COTS in space: the 100 percent testing risk

By Tomáš Zedníček
8 years Ago

source: Intelligent Aerospace article

November 13, 2017 By Dan Friedlander, Retired following 44 years in component engineering

The current European Space Agency (ESA) and National Aeronautics and Space Administration (NASA) approach to the use of Electrical, Electronic, and Electromechanical (EEE) commercial off-the-shelf (COTS) components in space applications continues to rely on heavy testing requirements. The official methodology looks more as an addendum to the traditional approach, rather than a new approach based on COTS.

The value of Statistical Process Control (SPC) is more or less disregarded. One hundred percent post-procurement testing is moved from the component manufacturer to the user, regardless of involved difficulties caused by higher complexity, integration, speed, and number of package terminations and lower package geometries of COTS. These parameters make the testing more and more difficult and less efficient, affecting the component electrical and/or mechanical integrity. Testing becomes more and more risky to the components, outweighing the benefit.

I question the rationale behind the benefit of post-procurement 100 percent testing and screening in the different world of SPC. New thinking is required.

Application of SPC
What is Statistical Process Control (SPC)? SPC is a scientific, data-driven methodology for quality analysis and improvement. It is a preventive activity, performed in real-time during the manufacturing process.

Within the traditional MIL EEE Components, the quality of the component is “ensured” by inspection and testing of the product.
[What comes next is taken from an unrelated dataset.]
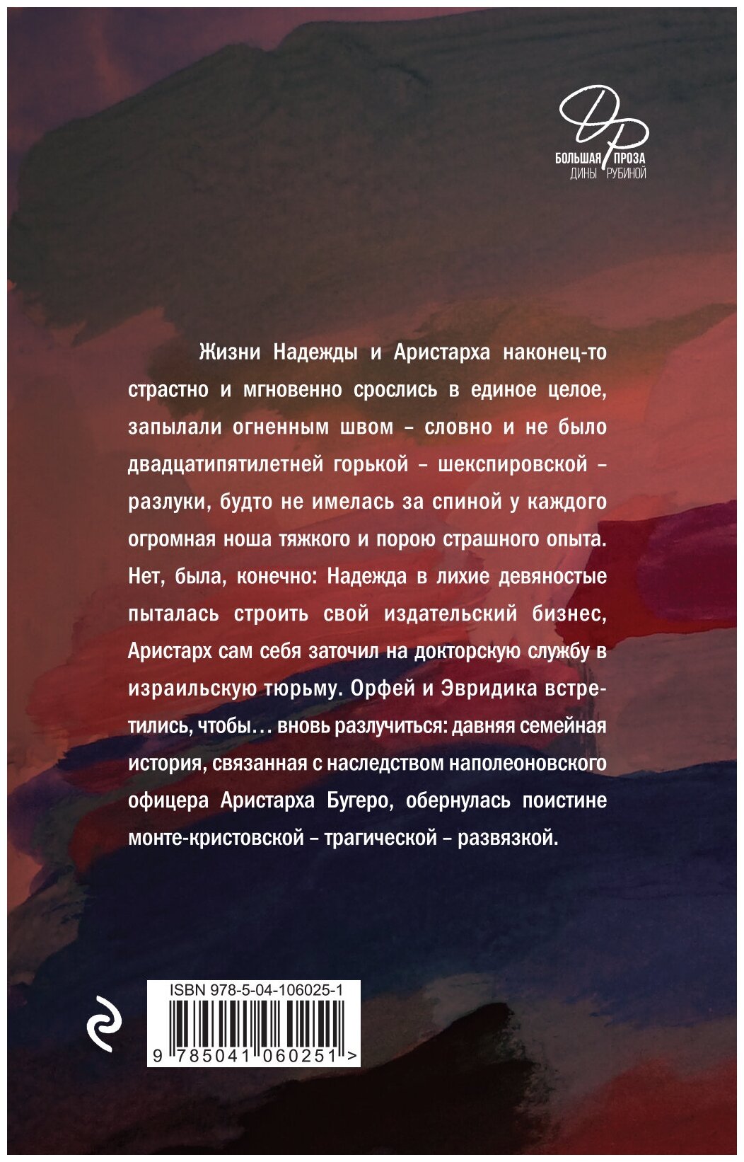 Жизни Надежды и Аристарха наконец-то страстно и мгновенно срослись в единое целое, запылали огненным швом – словно и не было двадцатипятилетней горькой – шекспировской – разлуки, будто не имелась за спиной у каждого огромная ноша тяжкого и порою страшного опыта. Нет, была, конечно: Надежда в лихие девяностые пыталась строить свой издательский бизнес, Аристарх сам себя заточил на докторскую службу в израильскую тюрьму. Орфей и Эвридика встретились, чтобы… вновь разлучиться: давняя семейная история, связанная с наследством наполеоновского офицера Ариcтарха Бугеро, обернулась поистине монте-кристовской – трагической – развязкой.

The relevant acceptance/rejection criteria are established according to how well it meets its design specification. In contrast, SPC uses statistical tools to observe the performance of the production process to detect significant variations before they result in the production of a substandard components. The SPC deals with manufacturing defects, the testing deals with failures sourced from the defects. In other words: “If you want to get rid of mosquitoes, drain the swamp that breeds them.”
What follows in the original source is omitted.